Certificate programs can be completed in around nine months and cover medical coding, healthcare documentation, and medical terminology.
Also, earning a two-year associate degree in Medical Billing and Coding is an adequate form of certification required by employers.
Who administers the national certification exams?
After completing a medical billing and coding program, you will have the required skills to pass the national certification exams.
These examinations are administered by the American Academy of Professional Coders (AAPC) and the American Health Information Management Association (AHIMA).
Earning a certification from either of these organizations will improve your chances of finding a job.
It is important to note that while certifications are not mandatory in Ohio, potential employers highly regard them.
What educational requirements are necessary to enroll in a program?
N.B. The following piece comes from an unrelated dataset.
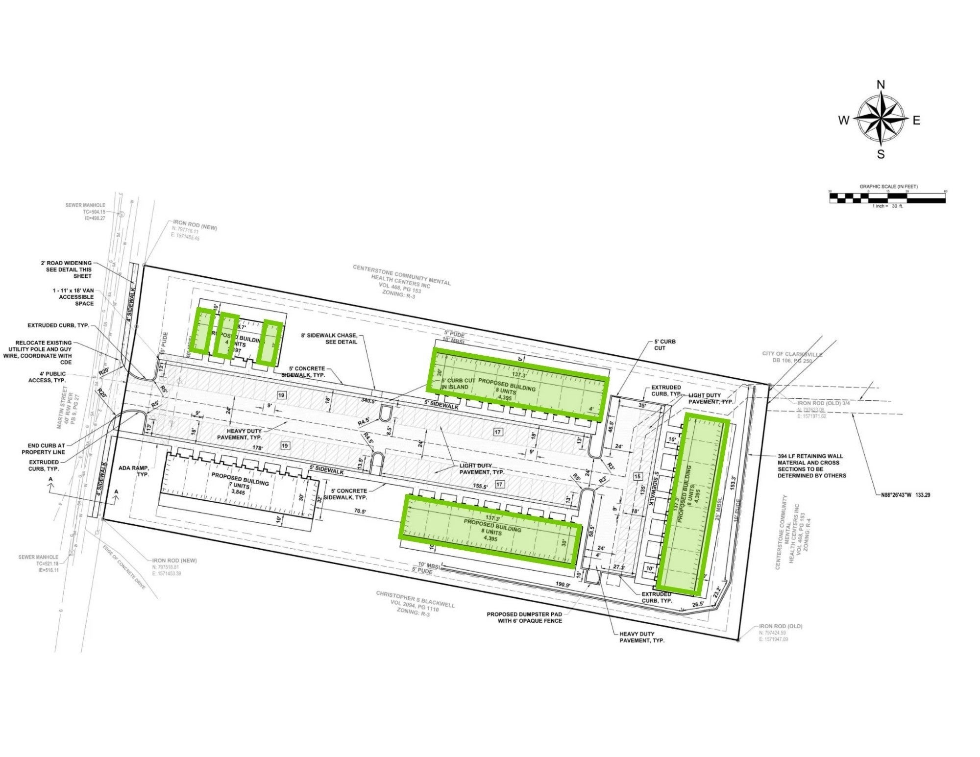Introducing Building B at Martin Place Townhomes—a fully approved, actively progressing development in the heart of Clarksville. Framing is already going vertical, providing investors the advantage of reduced build time and a faster path to revenue. Building B includes 8 modern-designed townhome units, each planned with two bedrooms featuring private en-suite bathrooms, upstairs laundry, granite countertops, stainless steel appliances, and a deck. Zoning allows short-term rentals, offering flexibility for both traditional leasing and higher-yield STR strategies. Located just minutes from downtown and the F&M Bank Arena, Building B is strategically positioned to benefit from Clarksville’s continued growth. Rent roll from Phase One, already income-producing, is available upon request to support underwriting.

Having a high school diploma or equivalent is the minimum educational prerequisite for enrolling in a medical billing and coding program, as required by the state.
However, you do not need additional credits or school to begin this education.
Many institutions and colleges request copies of high school transcripts as a standard part of their admissions process.
Is a medical biller and coder the same job?
No, medical billing and coding training is combined during the educational process, but there are many differences in the actual position.
Some companies hire candidates to perform both while others have separate roles.
Medical billers focus on generating accurate patient bills (claims), which includes verifying medical codes, applying precise details of every insurance policy, and reviewing patient histories.
The job duties of a medical coder include translating medical services into standardized reporting codes, which is an independent role that does not have much direct supervision.
Medical coders take medical reports and write descriptions of the numerous services a patient received to assign the appropriate code.
These codes then appear on insurance claims, which are critical to the medical billing process.